Pressestimmen

Außerirdischer der anderen Art - Das Weltraum-Märchen vom "Kleinen Prinzen" zündet im Stadttheater Bremerhaven

VON ANNE STÜRZER

Bremerhaven. Der Eitle spreizt sich in der ersten Reihe des City-Ports in Bremerhaven. Er hat sich in Schale geworfen. Ein gewagtes Einstecktüchlein ragt aus seinem Sakko, den Kaschmir-Schal hat er locker über die Schultern drapiert. Nur seine Stirn legt sich ^unzufriedene Falten. Was er auf der Bühne sieht, ärgert ihn gewaltig. Sein Spiegelbild, gespielt von Guido Fuchs, steckt in einem Monteuranzug und tragt dazu Hut und Schal. "Das passt doch wirklich nicht zusammen", knurrt er. "Seht", macht der kleine Prinz. "Du störst die Vorstellung". Die Inszenierung des "Kleinen Prinzen" kommt gänzlich uneitel daher. Statt auf ein aufwendiges Bühnenbild und technischen Schnickschnack setzt Regisseur Dirk Böhling auf die Macht der Fantasie. Den Sternenhimmel hat Bühnenbildner Ekkehard Kröhn wie einen Adventskalender gebaut.

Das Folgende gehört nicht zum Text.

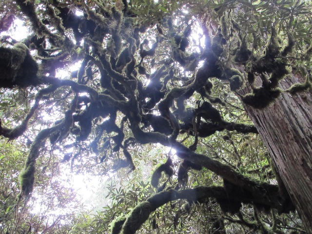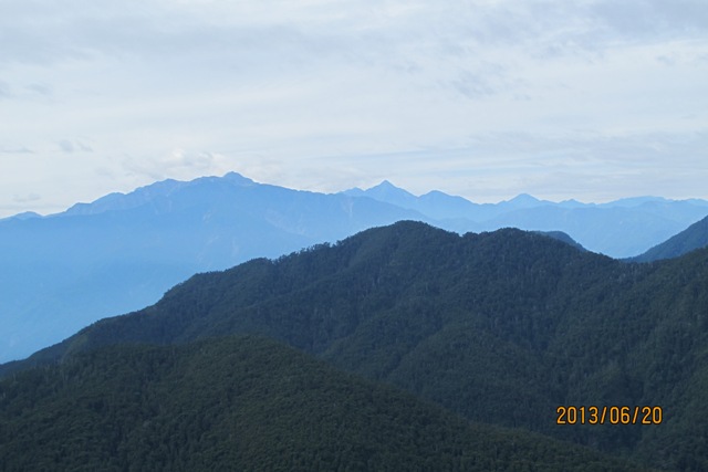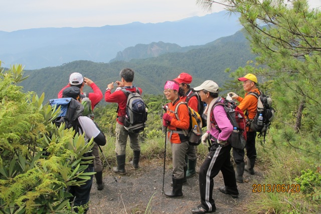 0850 越過古道最高點(018),H2315m,樹梢中透空展望聖稜線及大霸尖山,過了最高點一路向下就輕鬆

Aus den Fenstern und Türen treten die Figuren, die dem kleinen Prinzen auf seiner Reise durch das All begegnen: der König, der Eitle, der Säufer, der Geschäftsmann, der Laternenanzünder und der Geograph. Ein langer Umhang mit Nerzbesatz macht aus dem Erzähler einen König, eine Brille verwandelt ihn in den Geographen. Hast-du-nicht-gesehen ist Guido Fuchs bereits in eine andere Rolle geschlüpft, ohne dass die Vorstellung ein einziges Mal ins Stocken gerät. Fuchs ist ein etwas blöder König, dem die Untertanen fehlen, der aber unbedingt befehlen will, ein trauriger Säufer, ein Mann, der die Sterne besitzen möchte. Der Schauspieler hat all die abschreckenden Beispiele aus der Erzählung von Antoine de Saint-Exupéry sowie Rose, Fuchs und Schlange hervorragend gezähmt. Der Klassiker unter den Kinderbüchern verliert auch auf der Bühne nichts von seiner Poesie. Vor allem der kleine Prinz mit seiner Schlaghose, dem Rolli und den weizenblonden Strubbelhaaren scheint unmittelbar dem Bucheinband entsprungen zu sein. Kostümbildnerin Stefanie Grell hat sich von den Illustrationen Saint-Exuperys inspirieren lassen. Und so sind sie - schwupps - auf die Bühne des Bremerhavener Theaters spaziert.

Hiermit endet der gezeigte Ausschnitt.